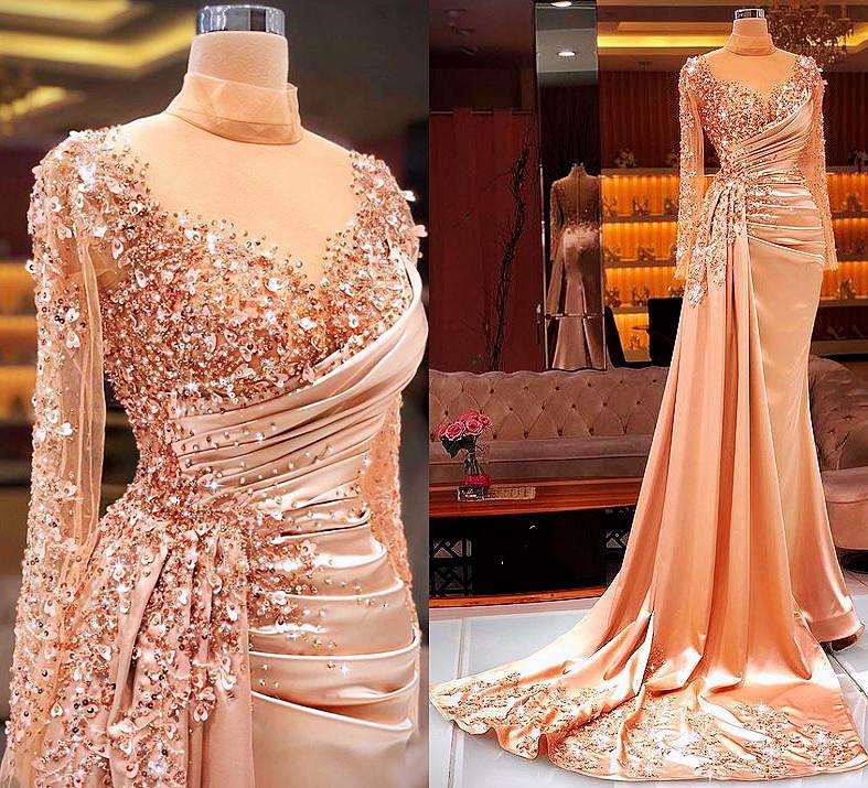 Abiti da Sera di Lusso Glitterati Stile Dubai Sirena Scintillante con Spacco Laterale Manica Lunga Arabia 2025 Arancioni da Cerimonia e Ballo MP620
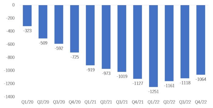 「モバイルセグメント」にまとめられている楽天モバイルの事業をみると、四半期ごとの同セクターのNon-GAAP営業利益は下図の通りで、2022年度第1四半期までは赤字が拡大しています。
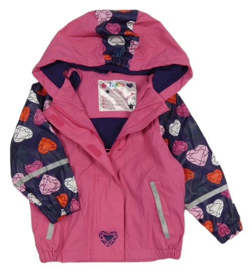 Růžovo-tmavofialová nepromokavá jarní bunda se srdíčky a kapucí Lupilu
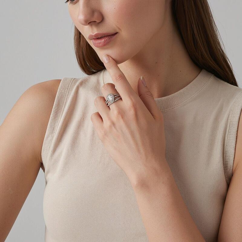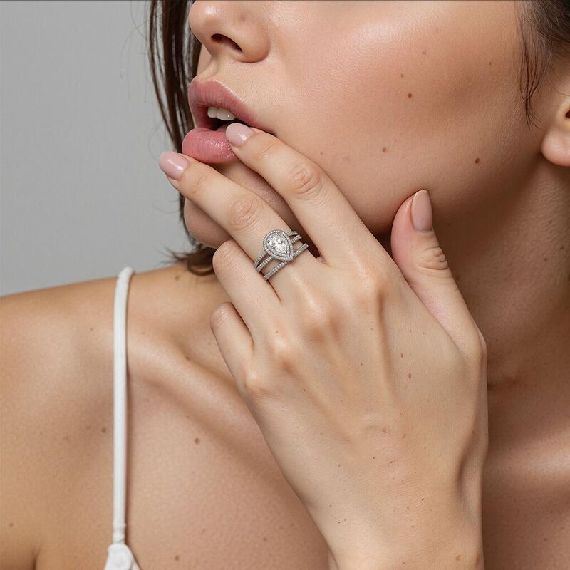 Parure nuptiale contemporaine : Une pierre en poire scintillante sertie dans un double halo sur shank divisé. L'alliance complice épouse la philosophie du minimalisme moderne, incarnant le raffinement absolu.
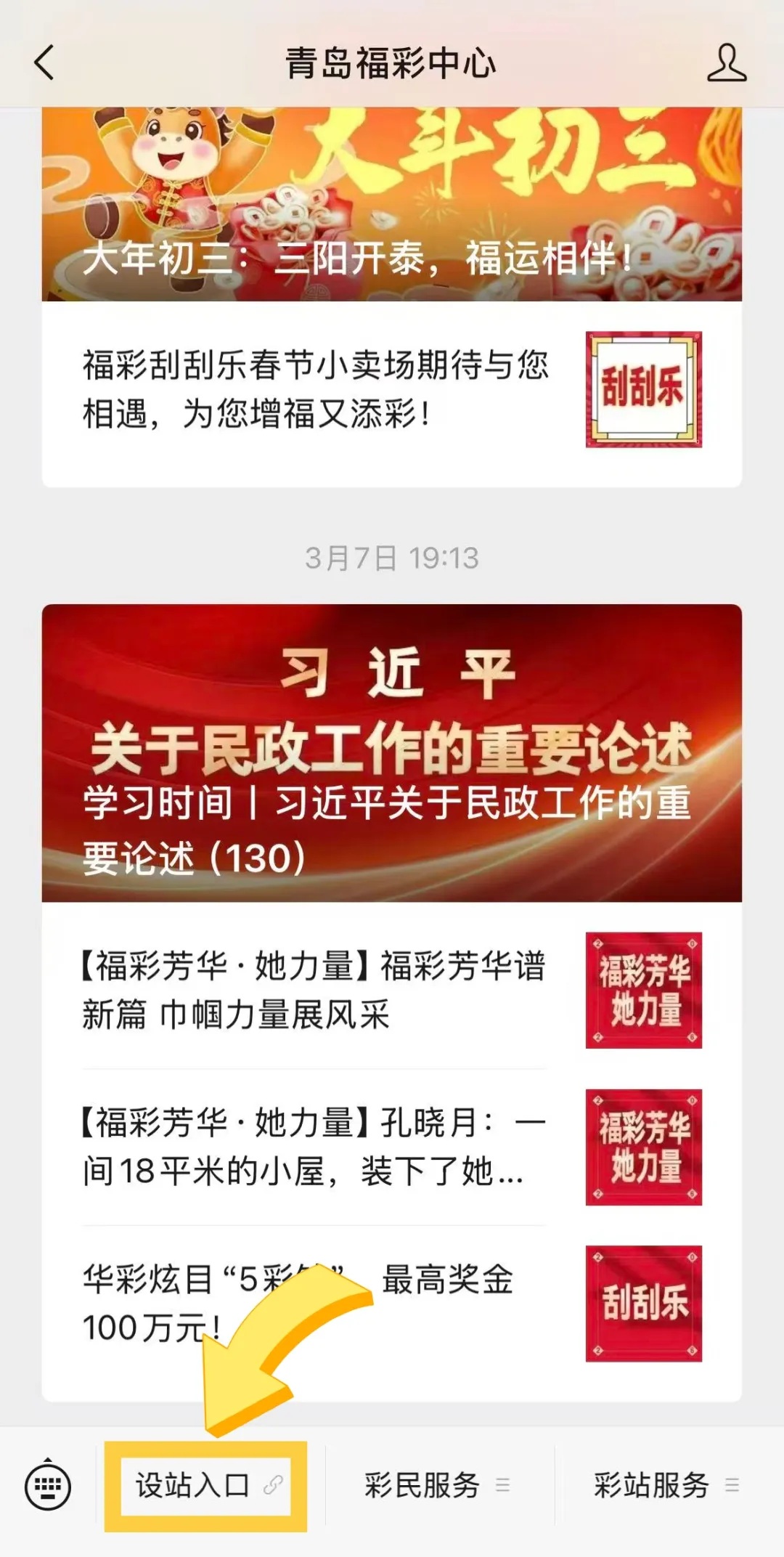 点击公众号下方菜单栏“设站入口”进入“福彩网办系统”页面;
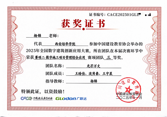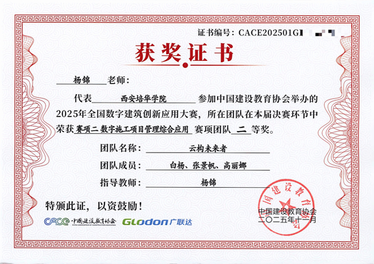 此次獲獎是對西安培華學院數字建筑教學成果的肯定,也是"以賽促學、以賽促教、以賽促創"育人機制的實踐。未來,工程造價專業將深化"新工科"建設,聚焦數字建筑前沿,推動產學研融合,完善實踐教學,培養兼具創新與實踐能力的復合型人才,助力"數字中國"戰略與建筑產業升級。(作者:宋勝男)
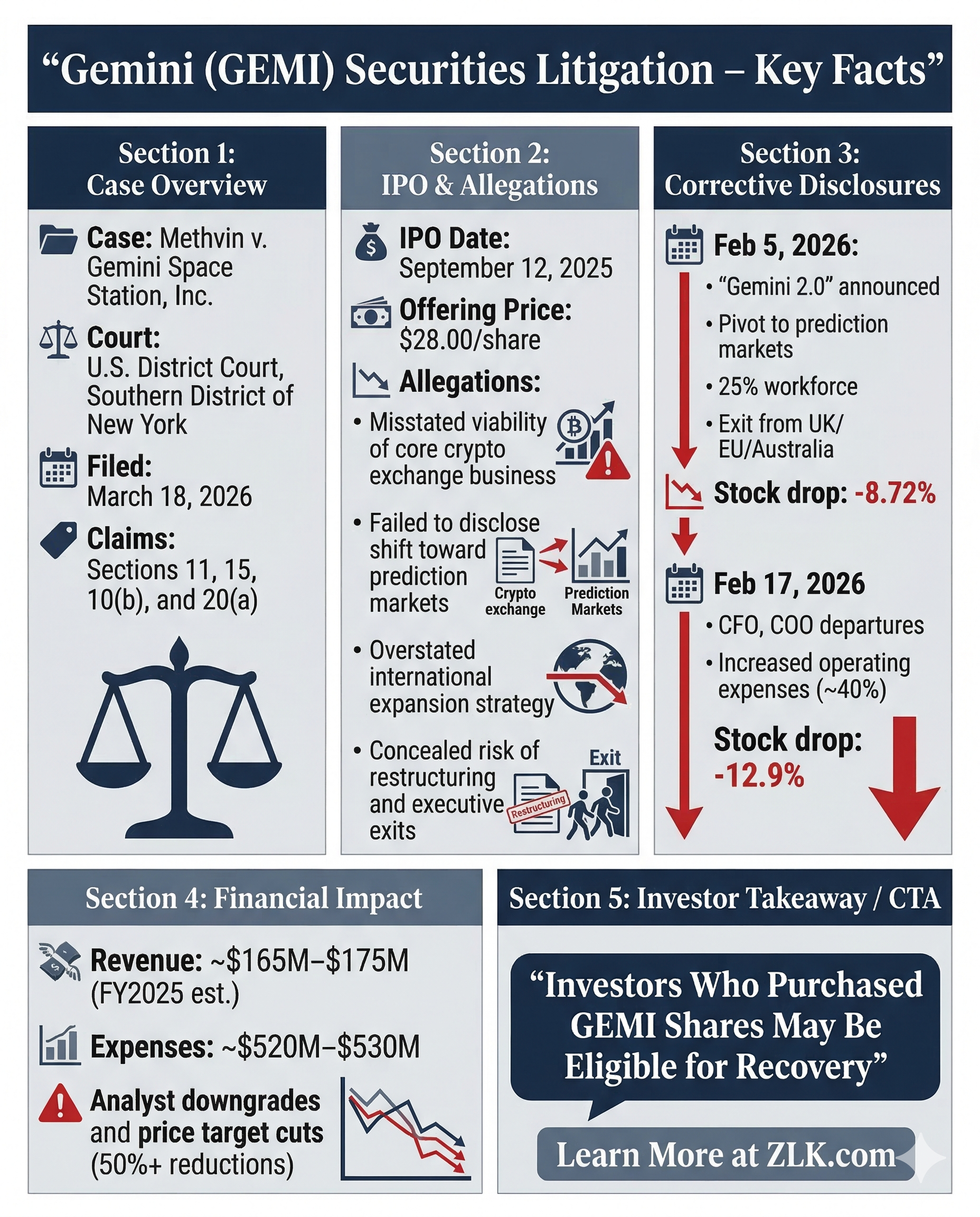 A securities fraud class action has been filed against Gemini Space Station, Inc. (NASDAQ: GEMI) alleging violations of Sections 11 and 15 of the Securities Act of 1933, and Sections 10(b) and 20(a) of the Securities Exchange Act of 1934 in connection with its September 12, 2025 initial public offering and subsequent trading through February 17, 2026, on the NASDAQ Global Select Market under ticker symbol GEMI. The company sold 15,178,572 shares of Class A common stock at $28.00 per share in the IPO. Investors allege that Gemini misrepresented the viability of its core cryptocurrency platform business and its commitment to international expansion from the IPO through the class period. Within five months of going public, the company announced a dramatic corporate pivot, slashed its workforce by 25%, and abandoned the very international markets it had touted as central to growth. Shares fell to $6.585, a decline of approximately 76.5% from the offering price.
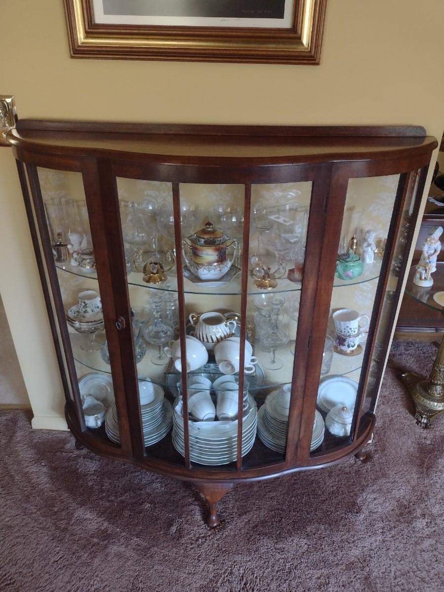 Antique Mahogany Bowfront Curio Display Cabinet with Glass Shelves (No Contents)
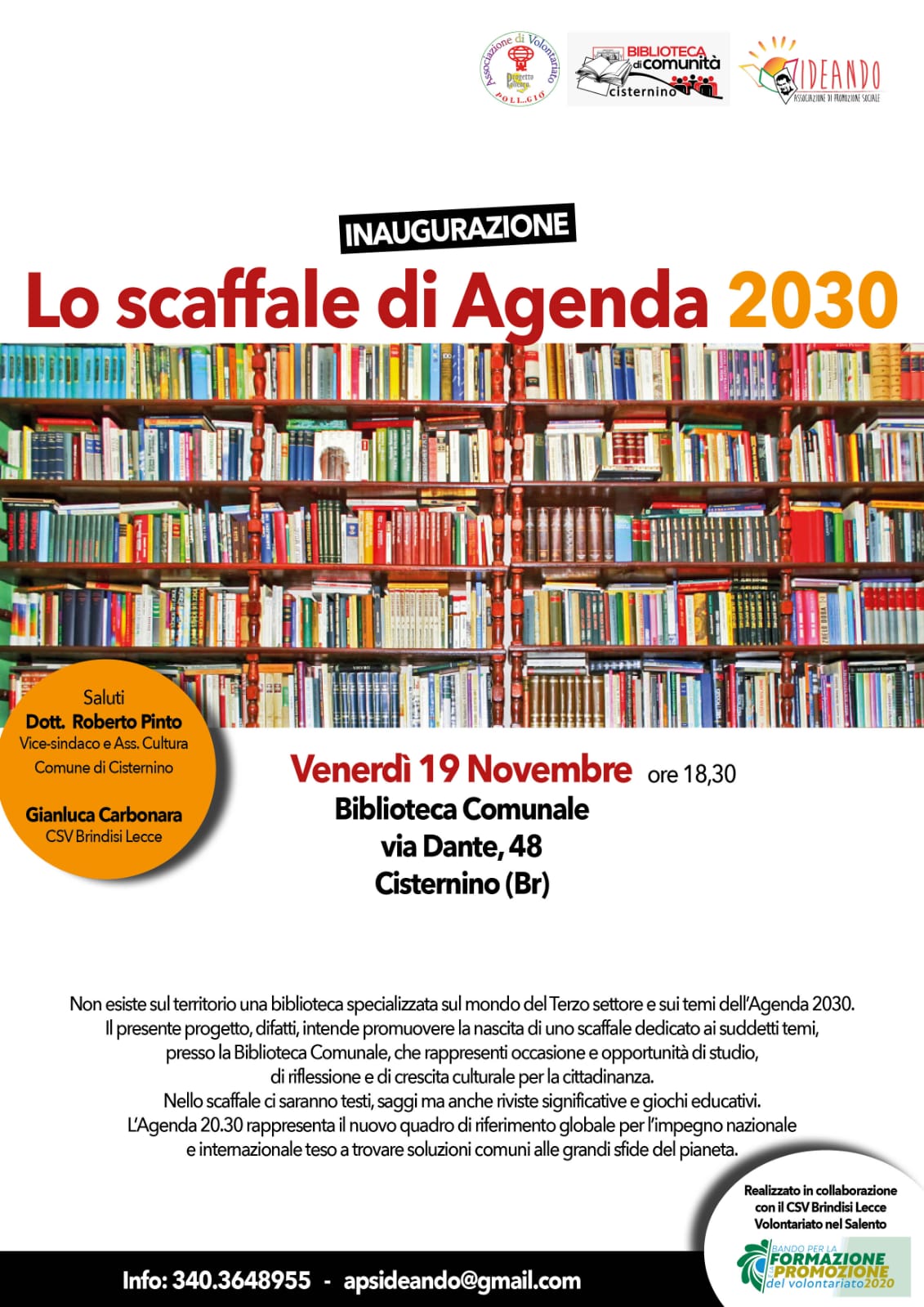 La Biblioteca di Comunità “Tommaso Fiore”, progetto finanziato da Regione Puglia e A.R.T.I. su iniziativa Luoghi Comuni, arricchisce la sua offerta; venerdì 19 novembre alle 18.30 si inaugura “LO SCAFFALE di AGENDA 2030”, un’iniziativa finanziata dal CSV Brindisi – Lecce attraverso il Bando per la Promozione e Formazione del Volontariato – 2021.
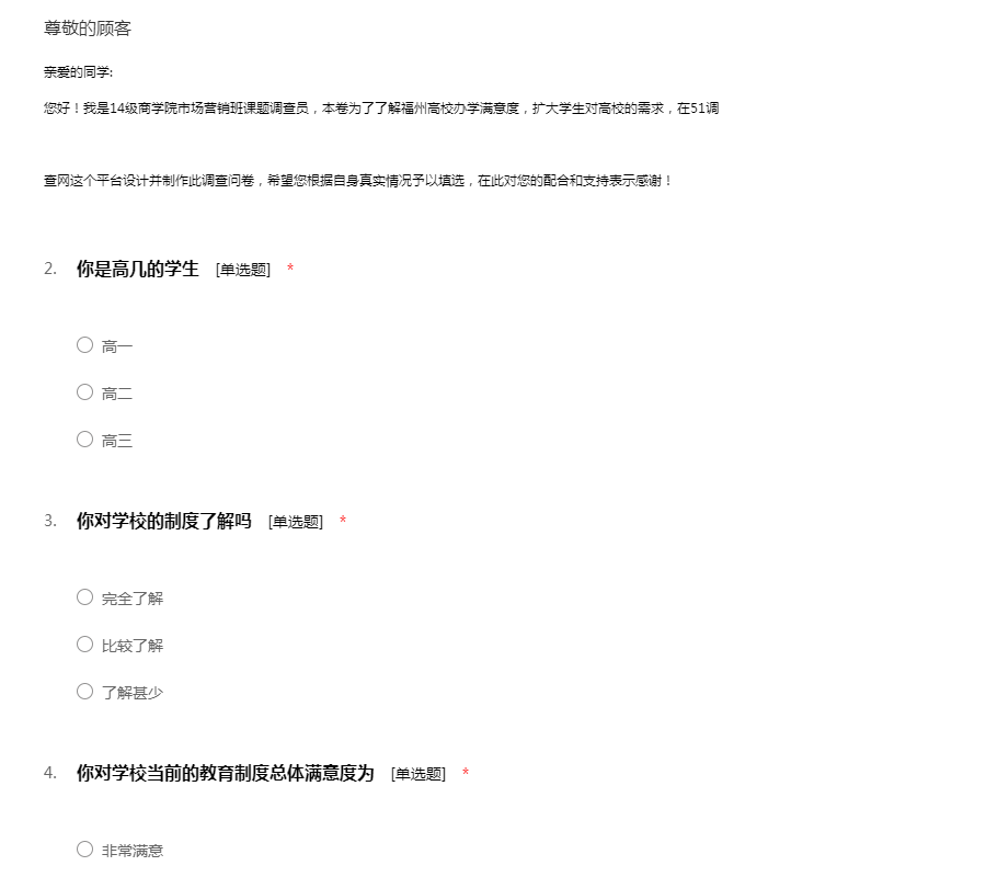 亲爱的同学: 您好!我是14级商学院市场营销班课题调查员,本卷为了了解福州高校办学满意度,扩大学生对高校的需求,在51调 查网这个平台设计并制作此调查问卷,希望您根据自身真实情况予以填选,在此对您的配合和支持表示感谢!
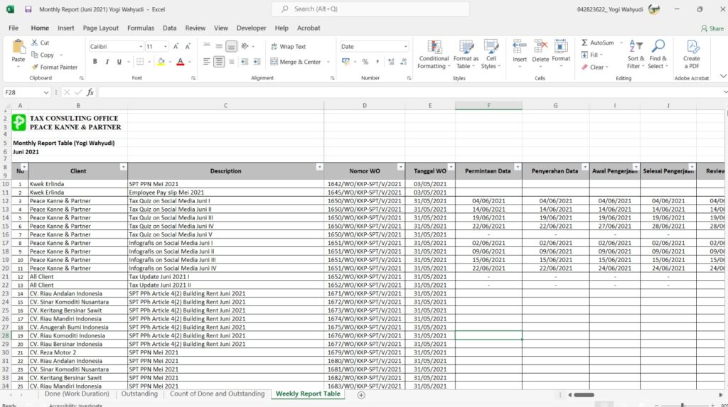 During my time working as an Admin Tax and Data Entry staff at a tax consultant office, I was responsible for preparing and organizing tax documents, managing client files, and entering financial data with accuracy. I supported the tax team by compiling monthly reports, verifying data, and ensuring all information was complete and up-to-date. My role required strong attention to detail, consistency, and the ability to maintain well-structured documentation for smooth tax processing.
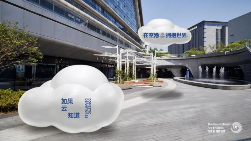设计中巧妙融入飞机舷窗、机身、尾翼、云朵及旅客行李箱等航空代表性元素,深度融合智能标识理念,通过“化繁为简”的设计手法,打造出指引立牌、指引吊牌、创意果皮箱、云朵装置座椅四大类共三种风格的标识体系,既传递出“在空港,每一次出发都是梦想启航”的品牌温度,更实现了创意构想与区域整体环境的无缝融合。
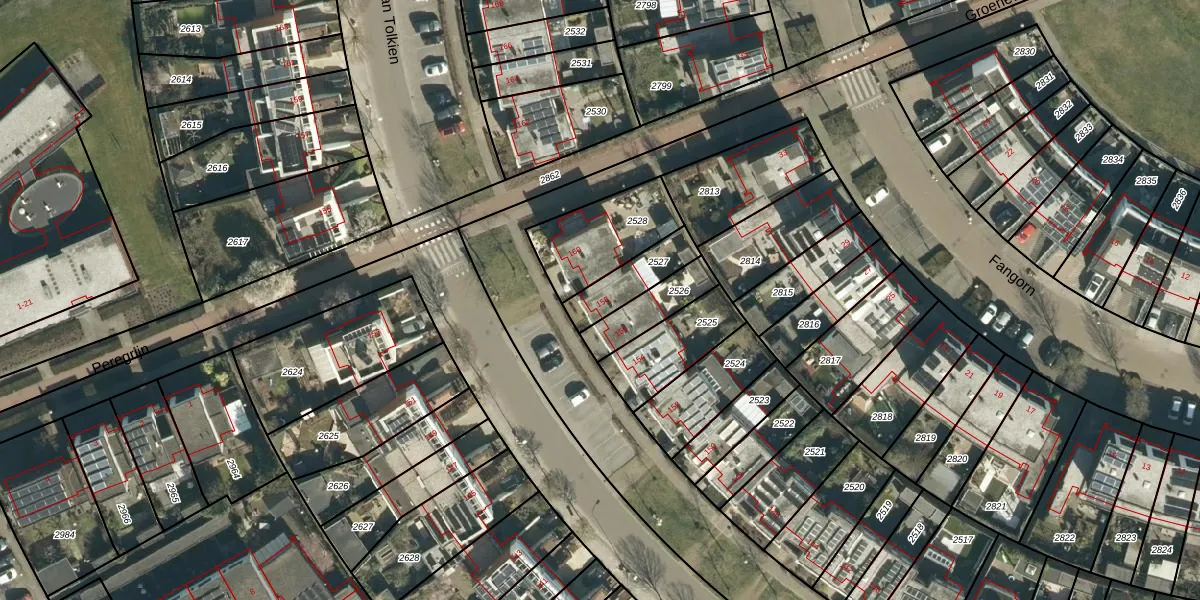 Gebruik de zoekbalk of klik op een perceel voor informatie over de adressen binnen dit perceel.
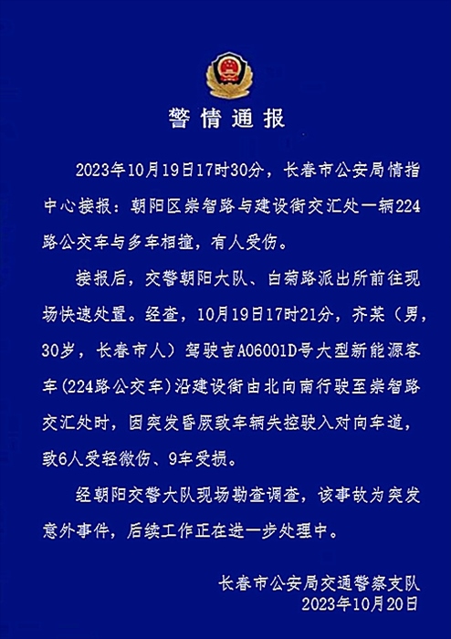 ·長春交警通報公交車與多車相撞:30歲司機(jī)突發(fā)昏厥致車輛失控,6人輕微傷。
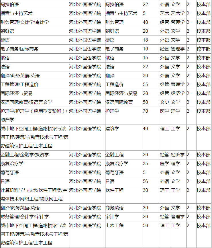 2020年河北外国语学院专接本扩招计划
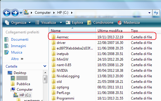 1) Nella cartella principale del disco (C:) è presente una cartella denominata Aermec (che ovviamente non è stata creata volontariamente dall’utente):

**Directions**: Return exactly the lines that appear in the data above between the line containing "Parure nuptiale contemporaine" and the line containing "此次獲獎是對西安培華學院數字", both of which are included, and leave the pictures out.

**Finished task**:
 Parure nuptiale contemporaine : Une pierre en poire scintillante sertie dans un double halo sur shank divisé. L'alliance complice épouse la philosophie du minimalisme moderne, incarnant le raffinement absolu.
 点击公众号下方菜单栏“设站入口”进入“福彩网办系统”页面;
 此次獲獎是對西安培華學院數字建筑教學成果的肯定,也是"以賽促學、以賽促教、以賽促創"育人機制的實踐。未來,工程造價專業將深化"新工科"建設,聚焦數字建筑前沿,推動產學研融合,完善實踐教學,培養兼具創新與實踐能力的復合型人才,助力"數字中國"戰略與建筑產業升級。(作者:宋勝男)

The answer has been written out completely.